December 12, 2014
By Robin Wright
The enemy of our enemy may not always be our friend. But when it comes to fighting Islamic State, even an old rival has become a de facto ally: Both the United States and Iran are bombing ISIS targets in Iraq.
And, in one of the oddest turns of the new war, the Iranians are using American warplanes to bomb ISIS targets–vintage F-4 Phantoms sold to the monarchy before the 1979 revolution, according to analysis of video by Jane’s Defense Weekly. The Iranian airstrikes began late last month in eastern Diyala province, the ISIS-held area closest to the Iranian border.
Equally striking, in another sense, was the summit of 60 nations Wednesday in Brussels to develop a joint road map in confronting Islamic State, also known as ISIS or ISIL. Top officials came from as far away as Australia, Iceland and Korea. But Iran, which shares a 900-mile border with Iraq, was not invited.
The Saudis have been particularly insistent that Iran, a rival for hegemony in the Persian Gulf and in the Islamic world, is not included in diplomatic efforts on either Iraq or Syria.

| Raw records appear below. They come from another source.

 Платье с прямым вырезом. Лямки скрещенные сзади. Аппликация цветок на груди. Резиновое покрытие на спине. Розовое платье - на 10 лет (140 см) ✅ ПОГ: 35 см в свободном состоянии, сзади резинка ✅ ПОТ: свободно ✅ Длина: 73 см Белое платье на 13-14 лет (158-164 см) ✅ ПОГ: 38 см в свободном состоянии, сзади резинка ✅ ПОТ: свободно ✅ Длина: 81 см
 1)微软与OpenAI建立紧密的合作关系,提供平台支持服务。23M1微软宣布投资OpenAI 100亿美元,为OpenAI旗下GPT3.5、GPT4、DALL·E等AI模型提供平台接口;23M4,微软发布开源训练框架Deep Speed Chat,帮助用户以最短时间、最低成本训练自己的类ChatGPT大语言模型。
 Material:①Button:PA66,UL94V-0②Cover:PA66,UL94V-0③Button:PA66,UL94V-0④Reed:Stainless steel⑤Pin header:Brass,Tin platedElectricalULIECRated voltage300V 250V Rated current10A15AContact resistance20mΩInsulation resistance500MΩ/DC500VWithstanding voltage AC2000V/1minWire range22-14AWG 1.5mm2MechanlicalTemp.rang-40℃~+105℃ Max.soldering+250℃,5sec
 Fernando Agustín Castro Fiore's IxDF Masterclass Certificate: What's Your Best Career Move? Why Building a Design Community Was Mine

Tehran is the conundrum in developing a viable strategy against ISIS. The 60-nation coalition does not want to deploy troops in Iraq or Syria to fight ISIS. But Iran has—openly. Since Islamist militants began seizing territory in June, Iran played a pivotal role in aiding the two Kurdish pesh merga militias and the three Shiite militias that have fought ISIS on the ground after four battalions of the U.S.-trained Iraqi army disintegrated in June. Although it once supported Iraq’s former prime minister, Nouri al-Maliki, whose autocratic and sectarian rule created today’s crisis, Tehran has become an ally of Mr. Maliki’s successor, Prime Minister Haidar al-Abadi.

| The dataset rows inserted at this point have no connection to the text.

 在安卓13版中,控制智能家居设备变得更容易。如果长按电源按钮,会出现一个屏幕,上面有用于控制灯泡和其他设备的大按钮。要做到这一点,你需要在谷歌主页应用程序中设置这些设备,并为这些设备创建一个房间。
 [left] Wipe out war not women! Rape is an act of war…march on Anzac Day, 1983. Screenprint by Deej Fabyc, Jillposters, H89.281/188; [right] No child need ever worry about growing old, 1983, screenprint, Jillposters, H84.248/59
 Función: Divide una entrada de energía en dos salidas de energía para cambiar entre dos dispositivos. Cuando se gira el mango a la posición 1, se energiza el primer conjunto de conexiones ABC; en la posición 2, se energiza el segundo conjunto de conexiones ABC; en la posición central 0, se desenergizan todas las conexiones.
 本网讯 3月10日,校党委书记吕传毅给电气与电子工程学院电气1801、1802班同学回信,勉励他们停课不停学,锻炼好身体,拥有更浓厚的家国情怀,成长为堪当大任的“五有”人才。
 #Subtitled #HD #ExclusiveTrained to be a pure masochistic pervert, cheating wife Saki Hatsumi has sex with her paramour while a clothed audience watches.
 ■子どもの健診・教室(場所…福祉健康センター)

Gen. Qasem Soleimani, commander of the elite Qods Force wing of the Revolutionary Guards, has been unusually visible in battlefield photographs with various fighters. And Baghdad has acknowledged that Tehran has provided war materiel. So, Iran has taken on a role that the U.S. and its allies didn’t want to assume.

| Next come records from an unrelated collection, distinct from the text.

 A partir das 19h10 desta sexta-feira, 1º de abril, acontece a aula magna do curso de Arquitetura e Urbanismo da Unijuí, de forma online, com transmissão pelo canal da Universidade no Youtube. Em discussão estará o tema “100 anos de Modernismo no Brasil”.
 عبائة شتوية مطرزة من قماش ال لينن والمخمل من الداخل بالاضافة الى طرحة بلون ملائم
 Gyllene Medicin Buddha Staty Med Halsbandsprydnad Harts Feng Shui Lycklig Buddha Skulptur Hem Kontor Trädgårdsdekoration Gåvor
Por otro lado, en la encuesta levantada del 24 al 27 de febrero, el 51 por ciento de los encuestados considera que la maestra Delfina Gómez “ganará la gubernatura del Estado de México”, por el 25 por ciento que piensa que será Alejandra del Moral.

Both Washington and Tehran have denied that they are coordinating military strategy. Both defer to Iraq, which has control over its airspace–and the right to allow both countries to target ISIS militants.
Secretary of State John Kerry indicated on Wednesday that Washington is not totally opposed to the Iranian airstrikes. “I think it’s self-evident that if Iran is taking on ISIL in some particular place, and it’s confined to taking on ISIL, and it has an impact, the net effect is positive,” he said at a news conference in Brussels. Iran’s airstrikes could mean fewer targets for the U.S.-led coalition.
But the common concerns break down over Syria, where both countries want to defeat ISIS.
The U.S. and its allies say that President Bashar al-Assad no longer has the right to rule after almost four years of a ruthless war that has killed more than 200,000 people and driven almost half of Syria’s 22 million residents to abandon their homes for other areas or to flee Syria altogether.
But Iran is Mr. Assad’s closest ally, and Revolutionary Guards and Hezbollah, the Iranian-backed militia in Lebanon, have reportedly played key roles in fighting moderate rebels supported by the U.S. and other Western powers.
Iran, as the region’s largest Shiite country, also interjects a sectarian dimension into both the Iraq and Syria crises, where the status of Sunni communities is a political flash point in the multi-sided conflict.
The Pentagon is particularly concerned about the byproducts of Iran’s involvement in the war. “Our message to Iran is the same today as when it started,” Rear Admiral John F. Kirby, the Pentagon spokesman, said Tuesday. “We want nothing to be done that further inflames sectarian tensions in the country.”
The United States and Iran may not have reached a deal on Tehran’s controversial nuclear program last week. But the rise of ISIS has given them some common cause—and even produced similar military responses.
Robin Wright is a journalist, author and foreign policy analyst. She is currently a USIP Senior Fellow-Wilson Center Distinguished Scholar.